Thursday, May 18, 2006

“O Horto da minha Amada” de Alfredo Bryce Echenique (Dom Quixote)


O Horto da minha Amada é uma divertida sátira social visando a alta sociedade limenha dos anos cinquenta, onde se critica o preconceito e a hipocrisia das elites conservadoras. Um romance contado num estilo reflexivo, cheio de meandros e apartes que são autênticas cutiladas sociais. O humor corrosivo de Echenique e a linguagem brejeira, isenta de vulgaridade, tornam a obra muito apetecível de ler, aliviando a pesada construção frásica a la Saramago.

A trama de O Horto da minha Amada gira à volta do adolescente Carlitos Alegre, um jovem estudante que aspira a entrar na Faculdade de Medicina, oriundo de uma das mais tradicionais famílias da alta sociedade de Lima. Carlitos trava conhecimento com dois personagens burlescos – os gémeos Céspedes – dois alpinistas sociais, provenientes de uma família nobre e arruinada que o Autor, de uma forma mordaz, coloca a viver na Rua da Amargura, um bairro que já foi residencial, mas que se encontra em estado adiantado de degradação.

Algumas das cenas mais divertidas da obra têm precisamente a ver com estes dois personagens, principalmente com as complicadas manobras de que se servem para ingressar na alta sociedade à caça de uma rica herdeira de boas famílias.
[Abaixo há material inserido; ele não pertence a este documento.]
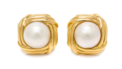 A Pair of 18 Karat Yellow Gold and Mabe Pearl Earclips,
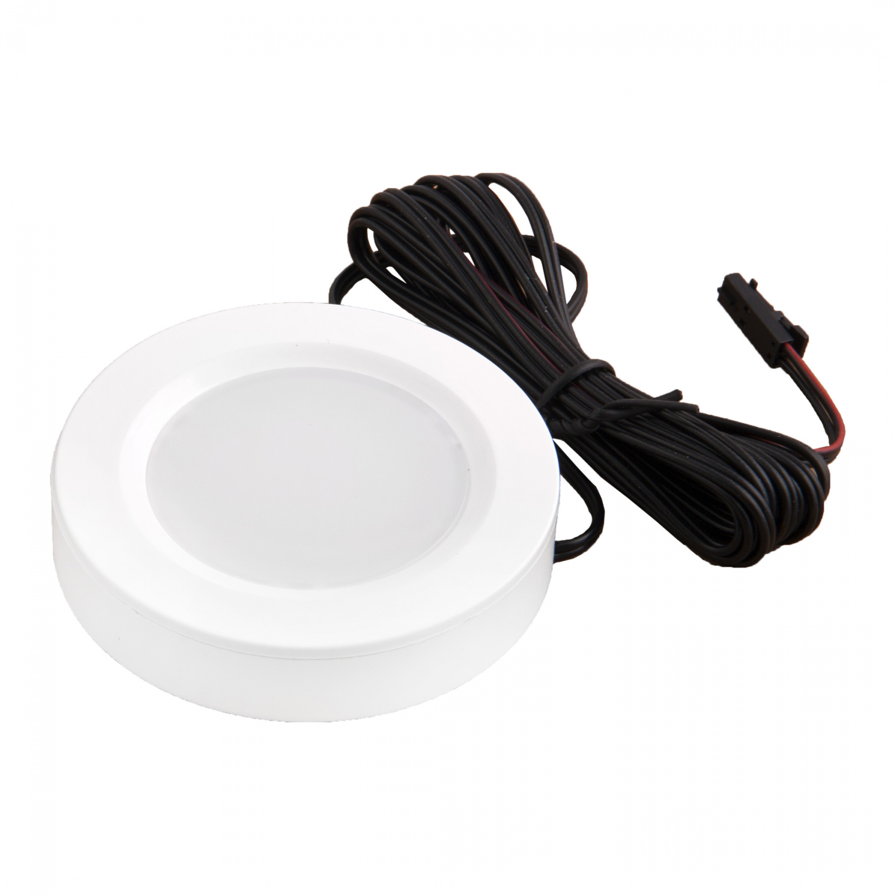 Длина мини-коннектора 2 м. Световой поток 180 Lm. Цвет рассеивателя матовый. Диаметр отверстия под светильник 60 мм. Врезной 60 х 10,5 мм. Накладной 70 х 14,6 мм. Применяется в кухонной подсветке и подсветке полок и шкафов.

O ridículo de que são revestidas as suas atitudes é enfatizado pelas tentativas patéticas de mostrarem aquilo que não são e sobretudo aquilo que não têm.

E a porta de entrada de que, descaradamente, se servem é a ingenuidade de Carlitos Alegre. Brilhante nos estudos, com uma excelente capacidade dedutiva, criativo e possuidor de uma fértil imaginação, à qual se junta uma extraordinária tendência para associar ideias, Carlitos é, em relação aos aspectos mais práticos da vida, extremamente distraído. E, por isso mesmo, um alvo fácil para os dois oportunistas que o utilizam, sem quaisquer pruridos em relação à ética – palavra que parece não figurar nos seus dicionários –, nos seus esquemas.

A boçalidade dos gémeos, conjugada com uma presunção sem limites, oferece um amplo leque de situações hilariantes. À infindável lista de gaffes perpetradas pelos gémeos, soma-se o sarcasmo mordaz do Autor cuja linguagem faz, por vezes, lembrar as cantigas de escárnio e maldizer. Duas características que tornam o romance especialmente apetitoso para o leitor minimamente dotado de sentido de humor e capacidade crítica.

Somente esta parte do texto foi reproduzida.